The invention is a hardware implementation method of intra-frame prediction calculation, which is suitable for an intra-frame prediction module of an AVS decoder. The high-definition real-time video decoder chip supporting the AVS standard can be used in digital TV, mobile phone video conferencing and mobile phone MMS services, video PDA, PSP video game consoles and MP4, etc.

Background technique

The AVS (Audio Video coding Standard) standard is a video and audio codec compression standard based on my country's independent innovation technology and international open technology. The decoding process of the AVS decoder is as follows: after the code stream enters the decoder, the code stream will be segmented, and the relevant information will be segmented according to the syntax and semantics of the code stream, and then entropy decoding, inverse quantization and inverse DCT transformation will be performed to obtain the required The residual matrix ResidueMatrix, the other code streams separated by the code stream perform intra prediction or inter frame prediction, predict the prediction matrix PredMatrix through the reference frame, and then add the prediction matrix and the residual matrix to obtain the decoded matrix DecodeMatrix, after filtering The final decoded macroblock and decoded frame are then obtained. AVS video image decoding block diagram shown in Figure 1.

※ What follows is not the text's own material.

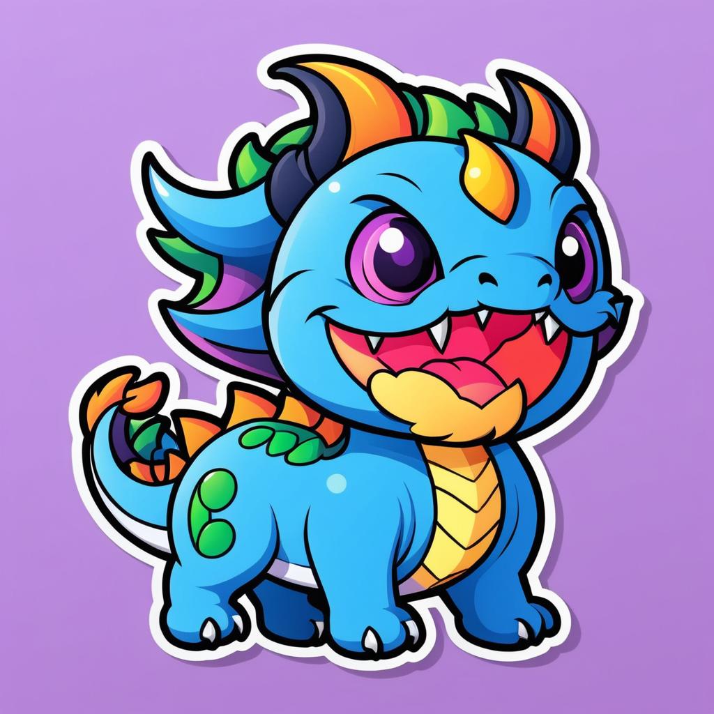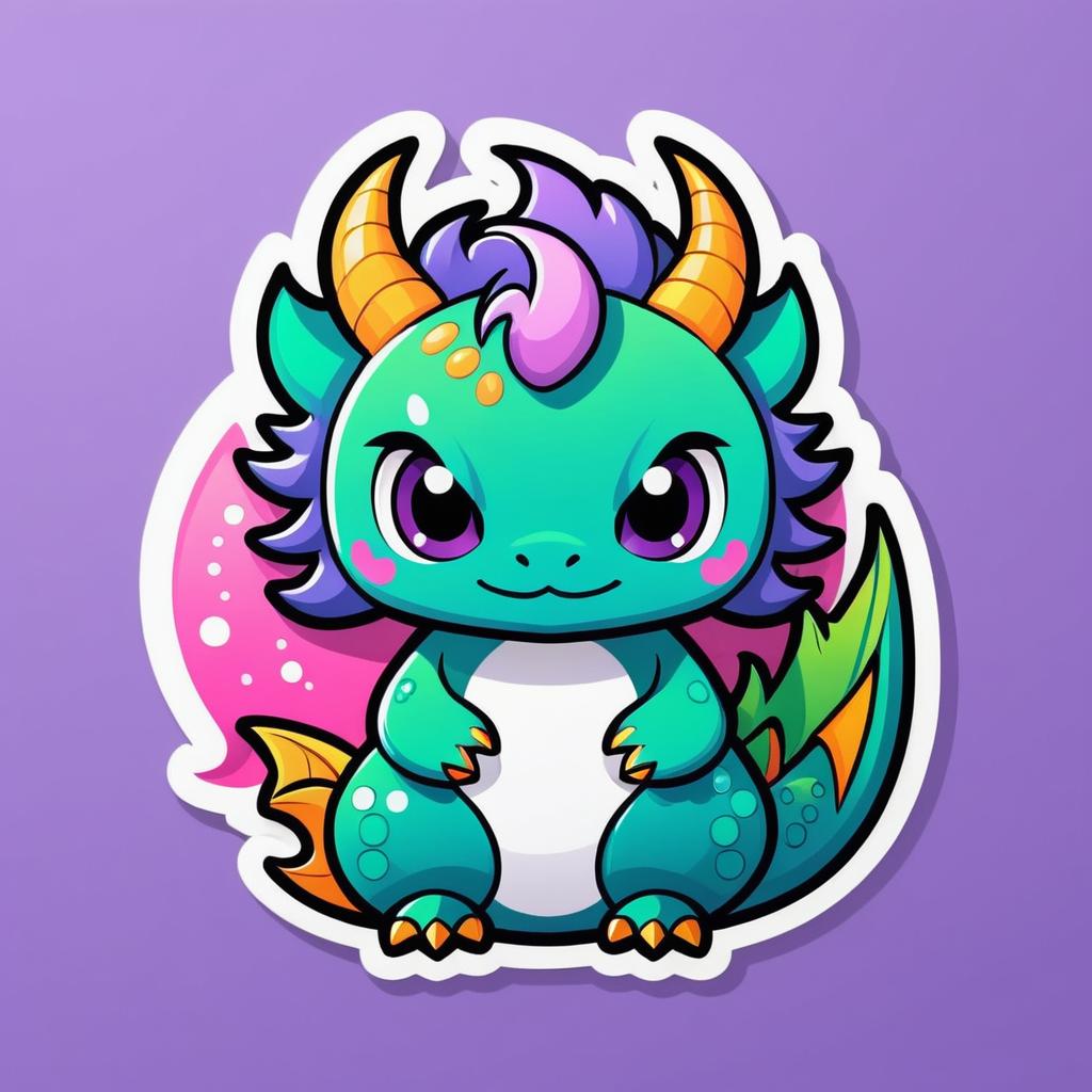 Illustration of a cute, vibrant green baby dragon with purple and pink accents, orange belly, and orange horns. The dragon has big expressive eyes, a playful smile with small teeth, and small wings, set against a purple background. Designed as a sticker with a white outline.

Both luma and chroma intra-frame prediction in AVS are predicted in units of 8X8 blocks, and there are 5 luma prediction modes (DC, horizontal, vertical, lower left and lower right) and 4 chroma prediction modes (DC, horizontal, vertical and flat). Predict the adjacent pixel blocks on the left and upper sides of the current 8X8 macroblock, and only encode the residual between the reference macroblock and the current macroblock during encoding. Since the residual value is far less than the actual pixel value of the macroblock, Therefore, the code words required for transmission are greatly reduced, and image compression is realized. At the decoding end, the current macroblock uses the reconstructed left and upper adjacent macroblocks and different prediction modes to predict the pixel value matrix (PredMatrix), and then adds the decoded residual matrix (ResidueMatrix) to reconstruct the current macroblock The pixel matrix (RecMatrix). The intra prediction of AVS takes 8X8 blocks as the unit, and predicts the pixel value of the current 8X8 block through the upper 16 reference sample points and the left 16 reference sample points and different intra prediction modes, as shown in Figure 2. .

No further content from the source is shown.